Nach dem unsanften Wecken und Filzen durch den Dschungel-Drill-Instructor durften die Bewohner mit dem Helikopter endlich den Weg ins Camp antreten. Anschließend wartete ein sechs Kilometer langer Fußmarsch auf die Promis. Dort wurde zu allererst Vincent Raven (45) die Ehre zuteil, den Teamchef zu geben - zu seiner ersten Amtsaufgabe gehörte es, Micaela Schäfer (28) in die erste Dschungelprüfung zu schicken: Die Urwaldklinik wartete darauf, das barbusige Erotikmodel auf Herz und Nieren durchzuchecken und damit sie die unangenehme Prozedur nicht allein durchstehen musste, entschied sie sich für Rocco Stark (25) als ihren muskulösen Begleiter. „Alle denken, dass ich als Model zimperlich bin und nichts auf die Reihe bekomme. Ich werde allerdings jetzt beweisen, dass es klappt!", waren ihre tapferen Worte und tatsächlich meisterten beide alle Stationen bravourös und holten so ganze elf Sterne!

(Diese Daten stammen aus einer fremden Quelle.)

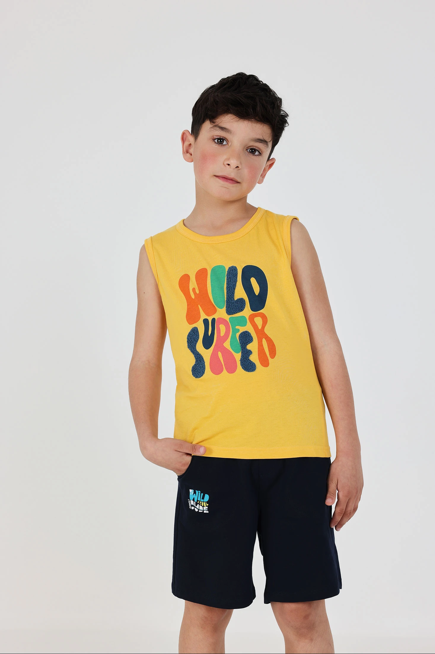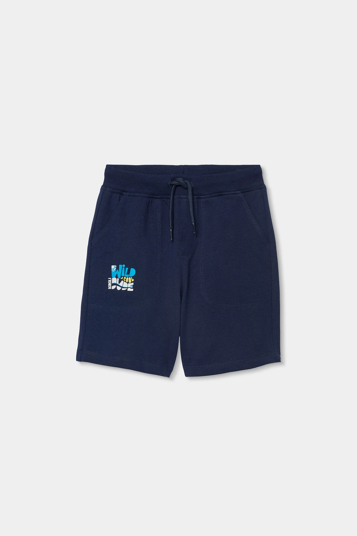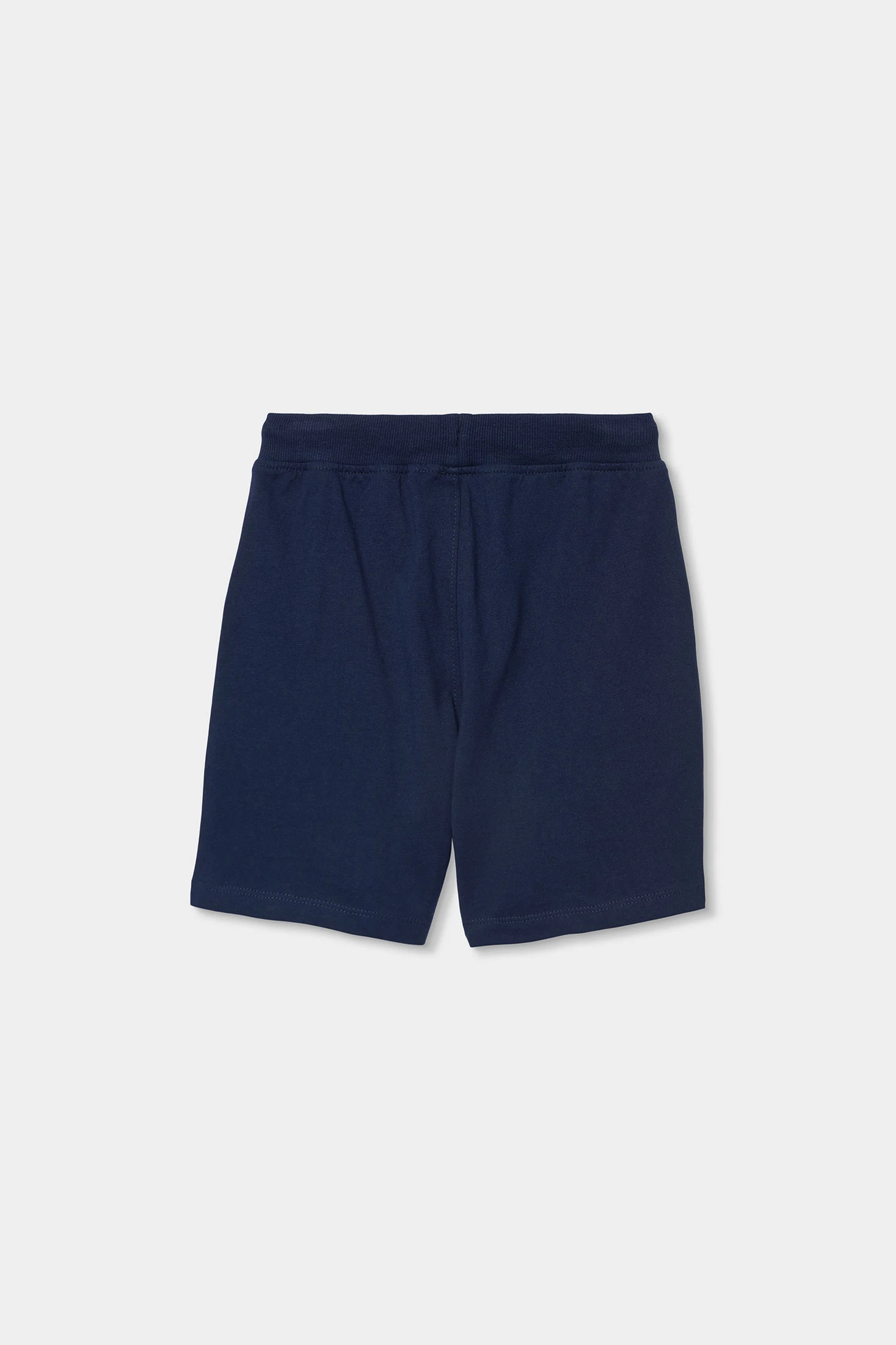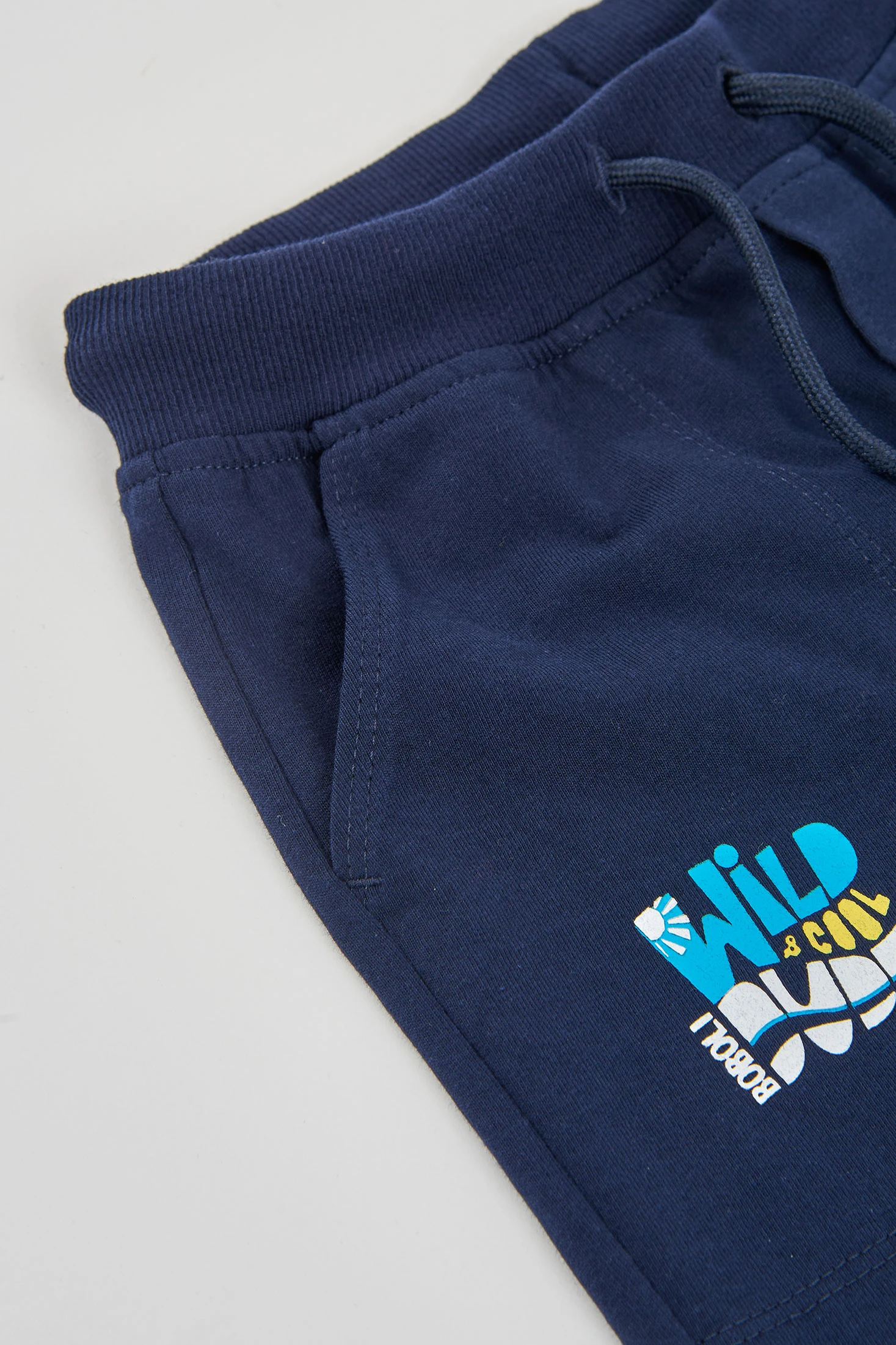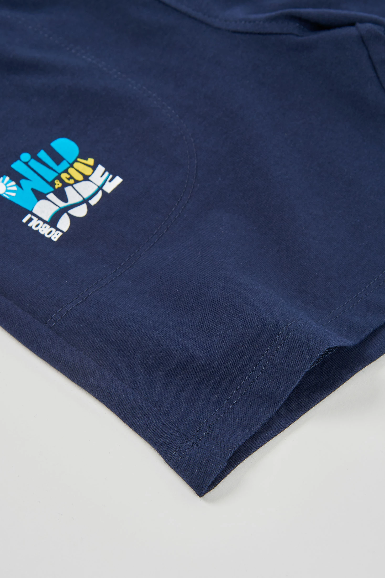 Bermudas en maille de couleur bleu marine, idéales pour les enfants de 12 mois à 14 ans. Confectionnées dans un tissu doux et confortable, parfait pour un usage quotidien. Le design inclut un petit imprimé latéral avec le mot "WILD" et un cordon ajustable à la taille, offrant un ajustement sécurisé. Parfaites pour assortir avec des t-shirts ou des sweat-shirts, créant un look décontracté et confortable, idéal pour toute activité en plein air.

Zur Belohnung gab es lobende Worte von den Mitbewohnern und ein wohlverdientes Bad im Dschungel-Pool. Dabei kamen sich Rocco und Micaela schon ziemlich nahe, sodass man beinahe spekulieren könnte, dass die zwei sich im Camp ziemlich gut verstehen könnten... Jedenfalls kann man schon jetzt sagen, dass Model Micaela definitiv keine Angst vor den Dschungelprüfungen hat und wir können gespannt sein, ob sie daher in den kommenden Tagen in der Gunst der Zuschauer steigen wird! Morgen jedenfalls muss erst einmal Kim Debkowski (19) in die Dschungelprüfung.


----------



## beachkini (14 Jan. 2012)

Wie schreibt bild so schön: "400 000 Mehlwürmer, 250 Kakerlaken, 20 Liter Schleim, Emu-Blut & Heuschrecke Dschungel-Micaela schluckt alles!
... na ja, fast" 

hätte ich ihr nicht zugetraut und war schon überrascht. der andere typ hatte sogar fast spaß daran


----------



## syd67 (14 Jan. 2012)

beachkini schrieb:


> Wie schreibt bild so schön: "400 000 Mehlwürmer, 250 Kakerlaken, 20 Liter Schleim, Emu-Blut & Heuschrecke Dschungel-Micaela schluckt alles!
> ... na ja, fast"
> 
> hätte ich ihr nicht zugetraut und war schon überrascht. der andere typ hatte sogar fast spaß daran



mehlwuermer und cockroaches keimfrei aus dem labor
aber sie zeigt sie waere ueberlebensfaehig bei uns
warten wir auf die wichity crabs die dicken maaden die die abus aus den rinden kratzen


----------



## spunk88888 (14 Jan. 2012)

Hehe, lustig wars ja


----------



## syd67 (14 Jan. 2012)

my apologise to micaela!
hab in nen anderen beitrag ein foto gesehen wo sie eine isst!!!
richtig gemacht micaela,erst den kopf abbeissen dann den rest essen
uebrigens schmecken die wirklich etwas nach huhn
ALSO MICAELA DU BIST OZ TAUGLICH!!!
DARFST BEI MIR EINZIEHEN,DEN GANZEN TAG NACKT RUMLAUFEN,
NUR DIE KLAPPE HALTEN


----------



## krawutz (15 Jan. 2012)

Und dann Kim Dingens ! Hoffentlich kommen nicht noch mehr solche ... (für den Gebrauch dieses Ausdrucks wäre ich vlt. gesperrt worden).


----------